I tried with 8GB for this VM. Sadly, it doesn’t work, because the startup immediately fails with
Boot failed: could not read the boot disk
so I don’t even get to grub
It seems the highest value that works is 3600MB - if I go any higher, it fails. This is suspiciously close to the 3.5GB threshold mentioned in windows gaming HVM guide. But I do have the qemu-stubdom-linux-rootfs patch in place, so that shouldn’t be it.
I was wondering how come the Windows VM stopped booting at 1299MB and the Linux VM at 3601MB. I mean, it’s almost exactly twice the amount of RAM, that’s a bit suspicious. And I realized I increased the number of cpus for the Linux VM to 4, while Windows used the default 2. Which matches the 2x difference … so I bumped the number of cpus to 10, and the Linux VM booted with 8GB of RAM. I have no idea what’s causing this, though.
Anyway, no change on the GPU front - the MMCONFIG still fails, and the GPU does not work.
And if I try memmap=64M$0x100000000 (which should be usable region per dmesg), the boot fails (even with nokaslr).

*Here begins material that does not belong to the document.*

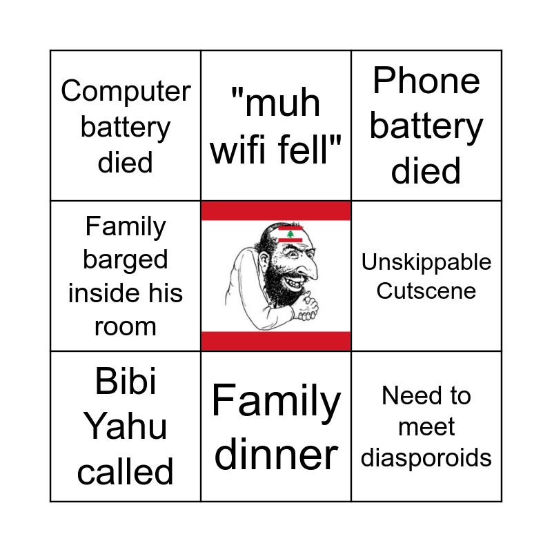 This bingo card has a free space and 8 words: Unskippable Cutscene, Phone battery died, "muh wifi fell", Bibi Yahu called, Computer battery died, Need to meet diasporoids, Family barged inside his room and Family dinner.

For my own issues and tests, I recompiled vmm-xen-stubdom-linux to remove this patch, then modified manually the rootfs. I got different result (if my hardware is not trolling me), could be worth trying.
Yeah, the memory issue is pretty bizarre. It’s a fresh Qubes install so I’m mostly sure haven’t broken anything by messing with it. I’ll try applying the patch, worth a try.
I didn’t have time to try applying the patch, but I noticed a couple interesting thing about the memory limit issue while experimenting with the Windows VM - it only happens when the PCI devices (for the GPU) are attached.
The VM is created with 2GB of RAM, but as soon as I attach the PCI devices, it refuses to boot with more than 1198MB. If I detach the GPU devices, I can start the VM with 8GB of RAM just fine, there’s no issue with it. But as soon as I attach the PCI devices, I start getting
Boot failed: could not read the boot disk
The second interesting thing is the number of CPUs doesn’t seem to make a difference. On the Linux VM increasing the number of CPUs allowed me to use more memory, but on Windows it doesn’t seem to make any difference.
I tried rebuilding the stubdom, but that didn’t make a significant difference - the amount of RAM that I can assign to the VM increased, but only a little bit, from 1198MB to 1298MB. It’s rather suspicious the difference is exactly 100MB …
( I don’t know if it will solve nor help for your issue, but I am having some similar issue on my new hardware, and removing this helped me and changed the behavior )